When we reached the bottom of the driveway, I helped her over the gate. Crossing the street, we started back into the dense woods, making our way through the thick underbrush in silence. I hadn’t been back here for a long time. Things had changed so much, but thankfully the stream was still here to follow. The gentle sound of its trickling waters replacing any conversation between us as we walked along.
The sun had disappeared behind the clouds and it looked as if we were in for some rain this afternoon. I frowned. Heavy rain would make the hunter harder to track.
Shaking off the ominous feeling that had been with me for days, I glanced over my shoulder to see her carefully following behind me. She was still quiet – too quiet. The only sounds around us issued from the stream and the crispness of the leaves as they crunched beneath our feet.
“I’ve been back here before,” she finally said. “I was looking for your grave.” She stopped, realizing what she’d said. With a peculiar smile, she shook her head and continued along. “I didn’t get quite this far back though.”

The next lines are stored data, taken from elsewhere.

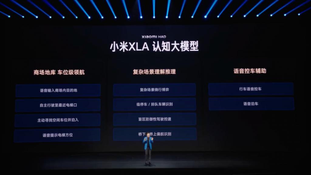 软件层面,小米 HAD 辅助驾驶全新升级 XLA 认知大模型,从数据驱动迈入认知驱动的新范式。该模型融入了小米自研的 MiMo-Embodied 具身基座模型,能更好地理解和学习复杂场景,支持语音辅助控制行车、泊车,执行变道、加减速等操作;支持全国 3000+ 商场地库车位级领航,包含 25 项安全辅助功能,
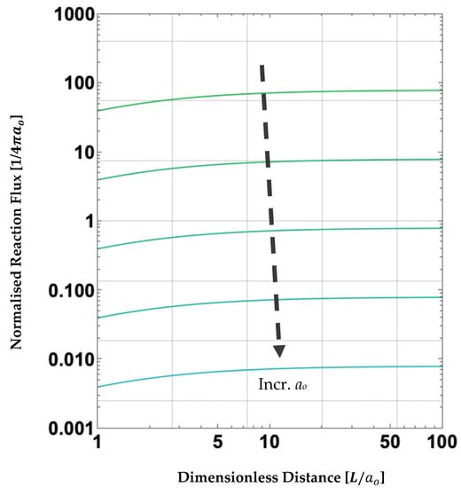 Finally, observe that in Figure 7, the smaller the reaction zone radii, ao, the more rapid the diffusive reaction flux, r’, to both spherical sinks (direction of dotted arrow indicates increasing ao). Note that r’ scales as 1/ao. This enhanced reaction-flux effect has been observed previously in other microchemical processes [281], e.g., hyperbaric-pressure laser chemical vapour deposition (HP-LCVD), in which rapid growth of fibres along the direction of the beam axis is made possible by minimising the size of the reaction zone [282].
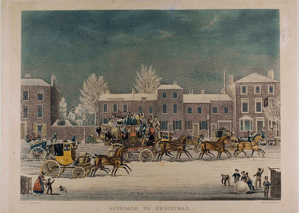 Denne scene fra George Hunt skildrer en travl vinterdag, hvor vogne og heste bringer gaver og glade folk frem mod højtiden. Husene og den sneklædte by skaber en nostalgisk følelse af juleforberedelser i en svunden tid. Perfekt til at bringe gammeldags charme og hygge til juleindretningen i dit hjem.
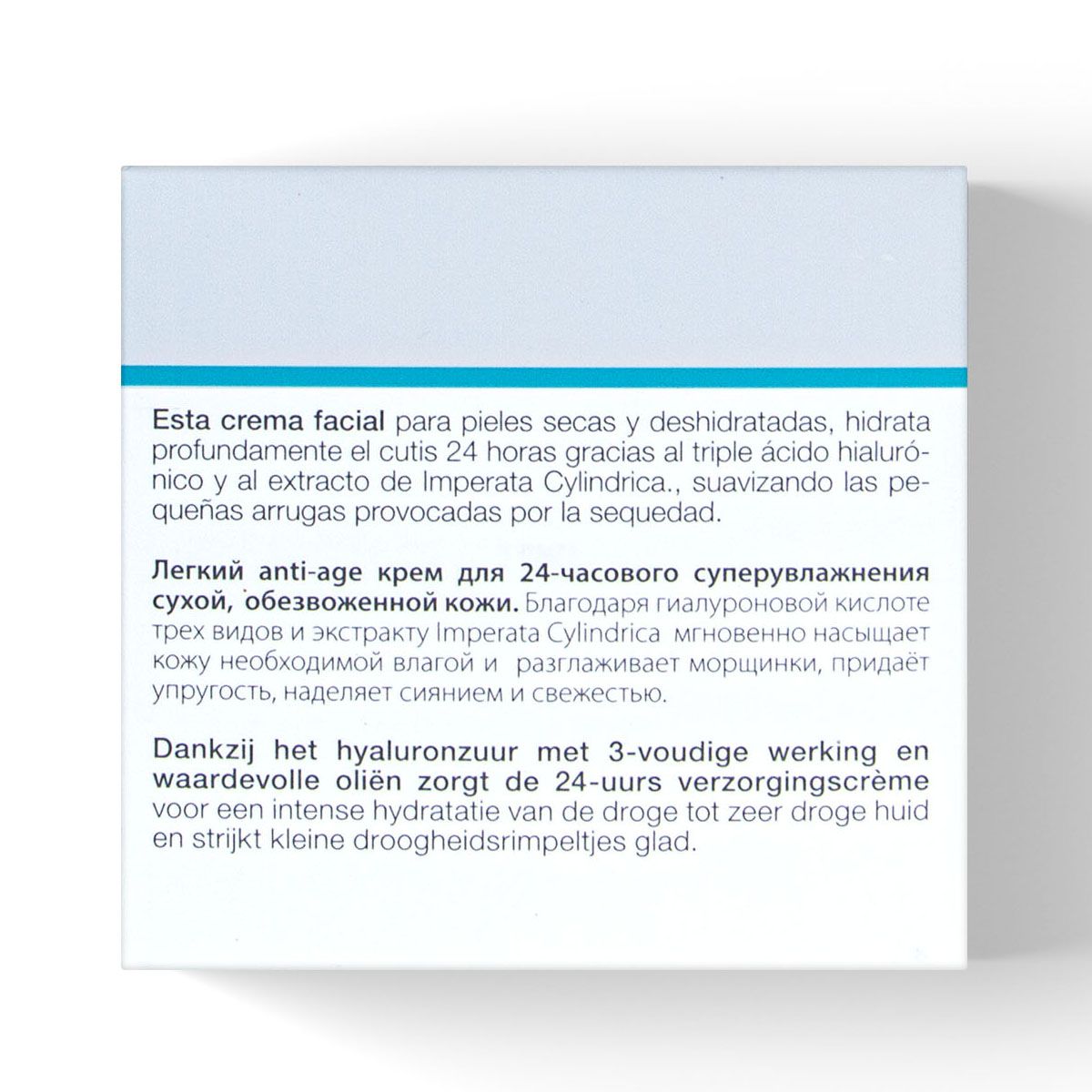 Суперувлажняющий крем с легкой, оптимально сбалансированной текстурой и приятным ароматом мгновенно увлажняет и улучшает качество кожи. Является великолепной базой под макияж. Важнейшая особенность - наличие в составе 3 типов гиалуроновой кислоты (высокомолекулярной, низкомолекулярной и и перекрестно-сшитой), которая обеспечивает ярко выраженное и моментальное увлажнение, а также эффект-лифтинга.
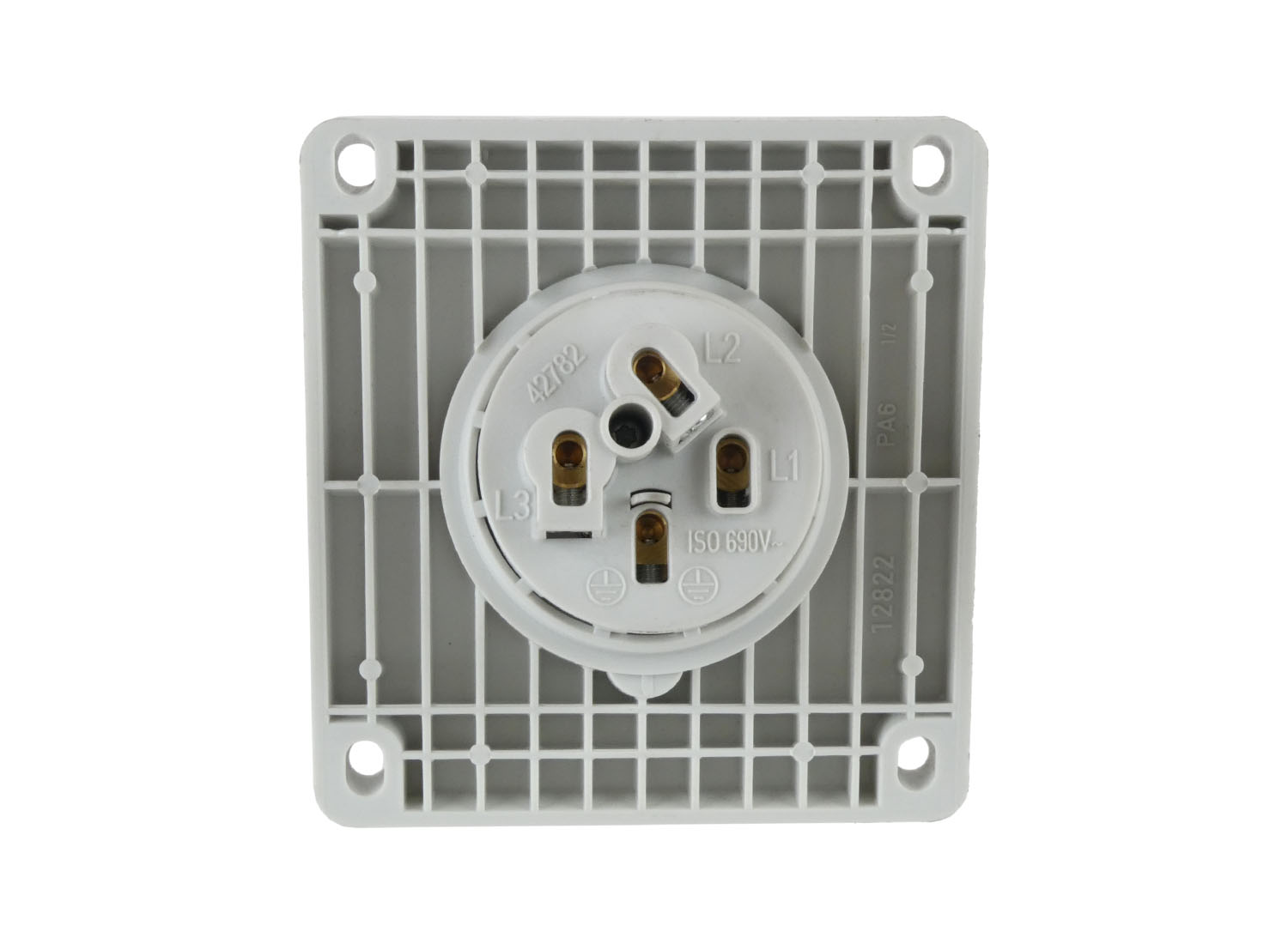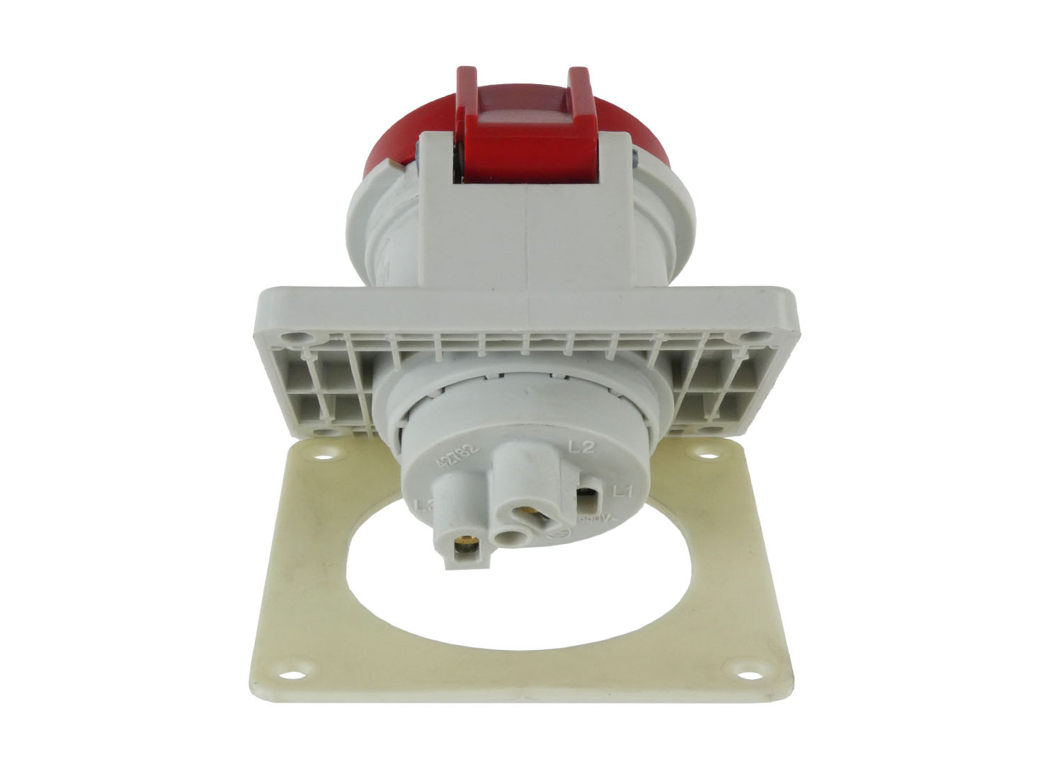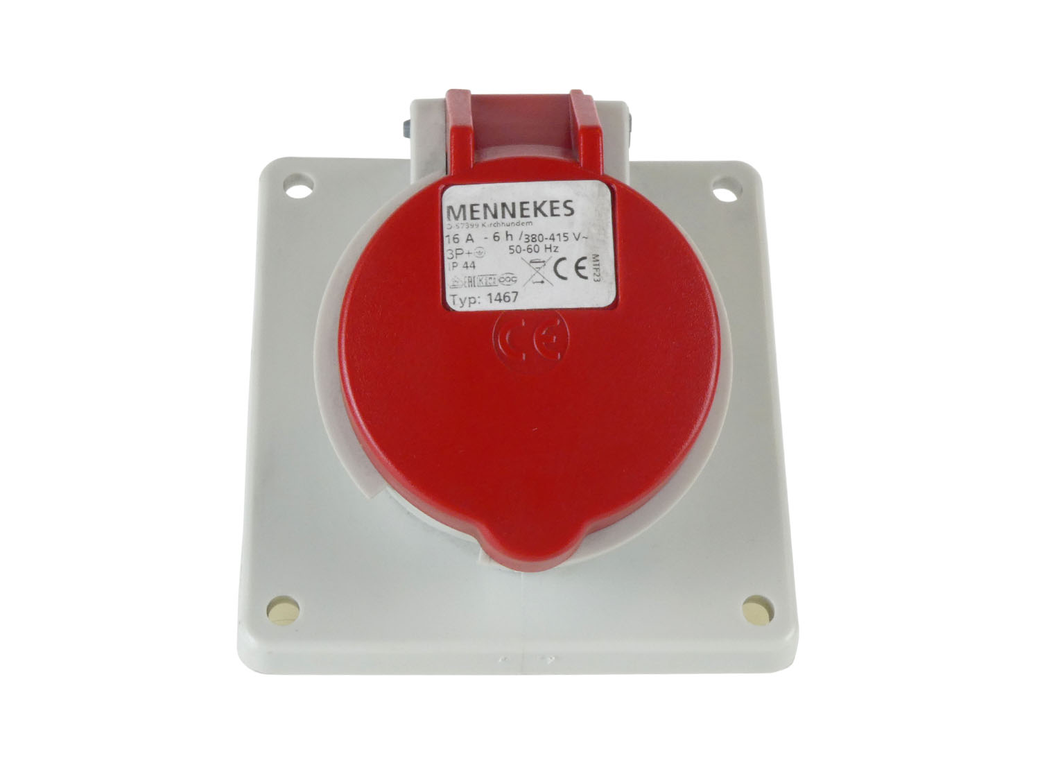 Anbausteckdose PFT schräg - CEE 4 x 16 A mit rotem Deckel.
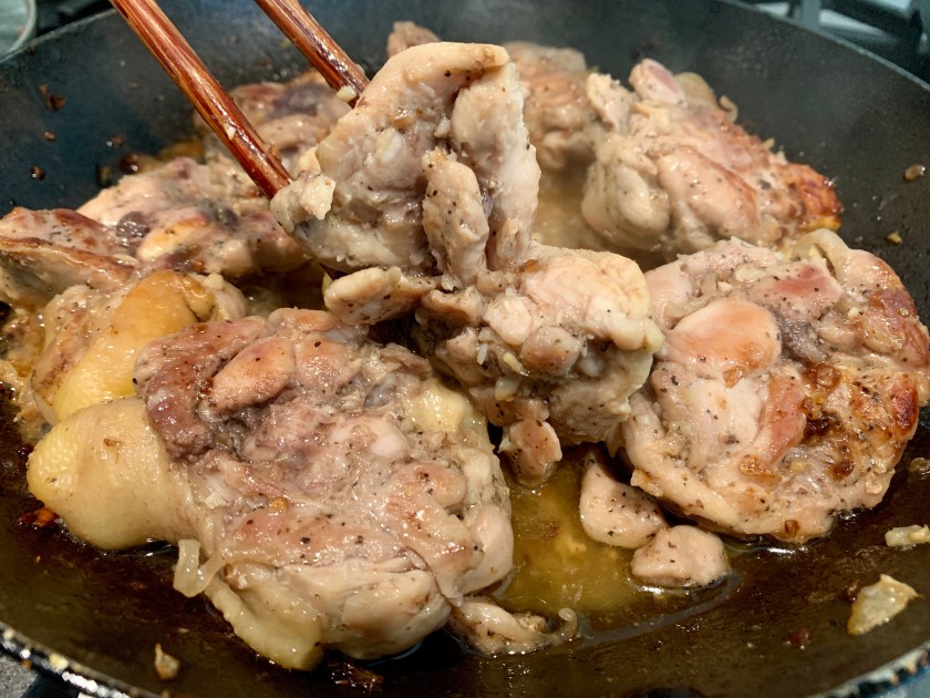 Once both sides are crispy and golden, which only takes a few minutes, cover the pan and turn the heat to medium. This will help steam the chicken to thoroughly cook them for approximately 5 minutes.
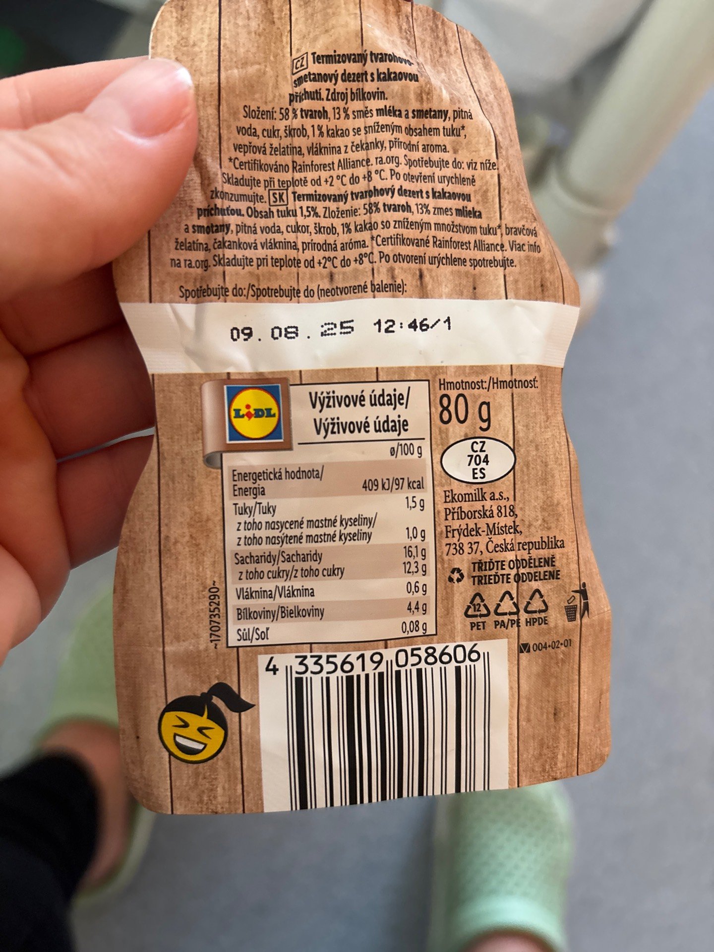 termizovaný tvarohovo-smetanový dezert s kakaovou příchutí
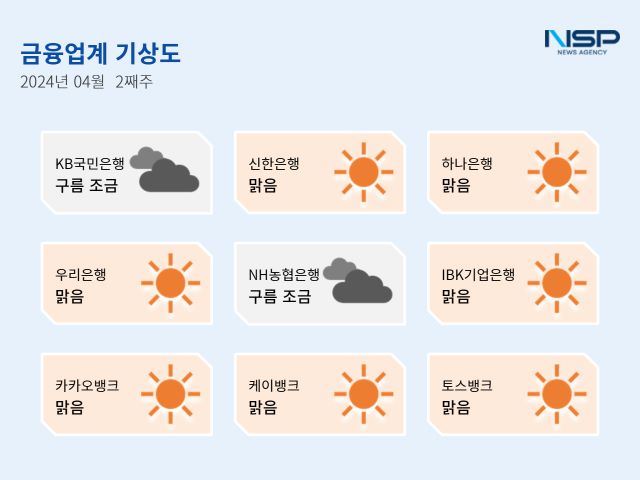 (서울=NSP통신) 강수인 기자 = 2024년 4월 12일 금융업계기상도는 신한은행·하나은행·우리은행·NH농협은행·IBK기업은행·카카오뱅크·케이뱅크·토스뱅크의 ‘맑음’, KB국민은행·NH농협은행의 ‘구름조금’으로 기록됐다.
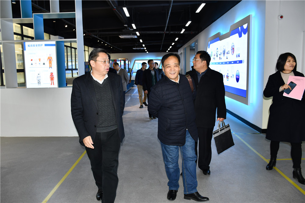 会后,辛望旦会长及王剑飚主任一行在李书记的陪同下,参观了学校焊接实训基地与船文化中心。
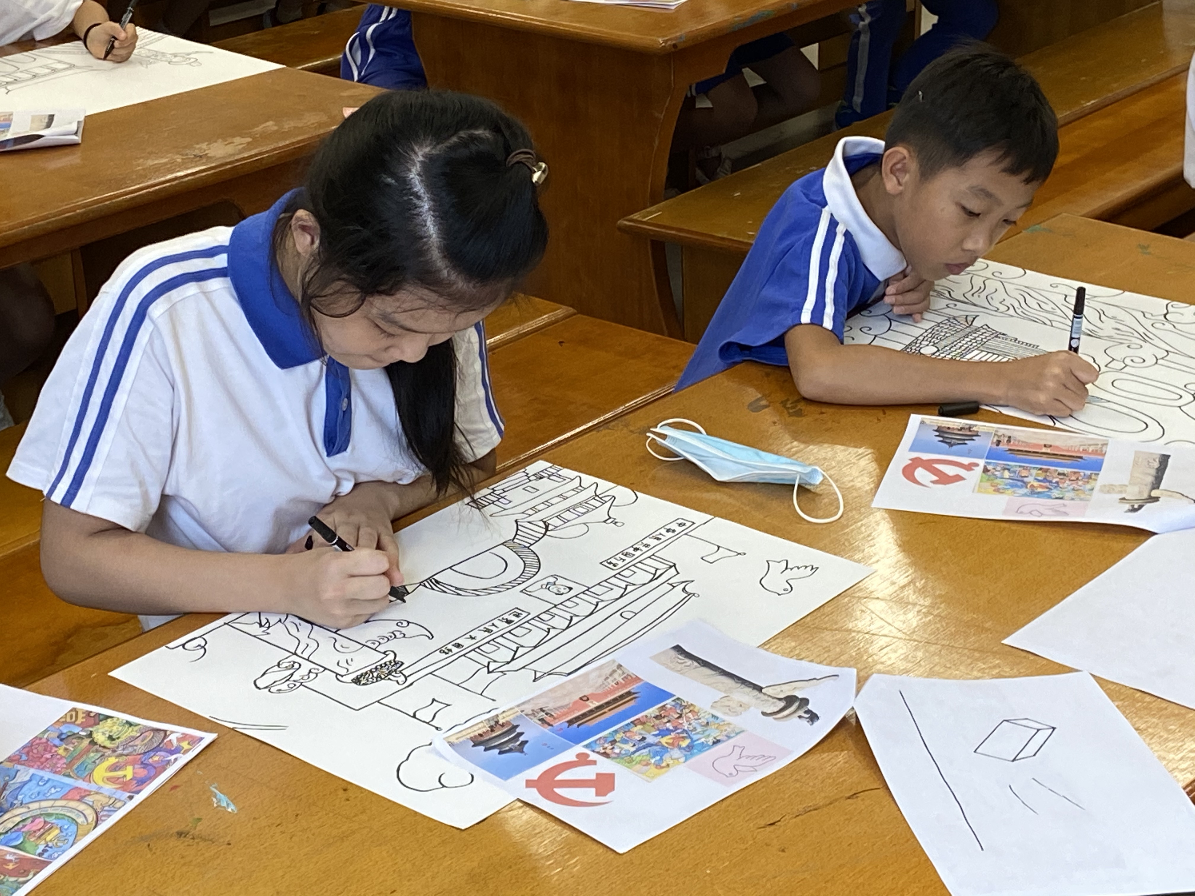 水墨画被视为中国传统绘画,也被称为国画,为了让大家后续课程更好掌握墨水、颜料等,第一节课老师带领青少年们先进行练习硬笔勾线做为基础功铺垫,学习如何合理用线表现对象,分辨画面主次关系,结合当下趣味性事物去突出主题,锻炼构图。今天来到第二节课,延续第一节课教学内容,大家将最终完成《100周年-大好山河》这副作品,青少年们根据自身对祖国的历史元素进行创作,有的画北京故宫,有的画庆祝中国共产党成立一百周年标志以及党徽等,最出众是有一名六年级的同学画了一副中国龙,盘旋在空中十足的霸气,展示出中国古代神话生物,老师也随之表扬大家的创作能力。

“We used to call this place Chimney Orchard.” I said, lost in the memories of times spent here as a human. It had been over a century since I’d last retraced these steps and I wasn’t the man I’d been back then anymore. I wasn’t even the same vampire. With the passage of time things continuously change forcing us to evolve whether we want to or not. My many years on this Earth had taught me tha
t time stands still for no one, human and vampire alike. Being a vampire, I was keenly aware of this fact, certainly more so than Sara. These woods around us were evidence of this inescapable fact of life. Nature was not immune; it has its own progress separate from that of the human race that tramples upon it. Trees grow and die like humans. Some fall from age while others are cut down in their prime. Either way, they change like this forest and can become almost unrecognizable over the course of time. I might be lost myself if it weren’t for the rambling stream that guided my way just as it had over two hundred years ago. The stream … me … we were the same in so many ways. We were guides set apart from time.
“Chimney Orchard, I’ve heard that name before. It’s a peculiar name. Where did it come from?”
“I’m not sure. It was old even when I first heard it. I think it may have been a name the Narragansett’s had for this rocky hill. But don’t hold me to that.”
I stopped to help her follow me up and over the remains of a rock wall. On the other side were the stream and a grove of dead spruce trees. Their bare bones combined with a lack of undergrowth gave the eerie appearance of some haunted forest out of a children’s storybook. It was ethereal in the half-light that filtered down through the surrounding trees.
She followed me as I walked away from the stream, past a large boulder and stopped just short of another rock wall.
“Is this it?” she asked, looking around seemingly at nothing. Finally she spotted the rows of field stones poking up through the blanket of leaves and moss.
“Who else is buried here?”
I pointed to a pair of them.
“This is where we buried my parents.” I pointed to the opposite corner. “My grandfather and grandmother Wells are there. And I’m supposed to be there,” I said, turning toward an unmarked spot. “The headstone is gone now, but it was here a few years back I understand. Not sure what happened there.”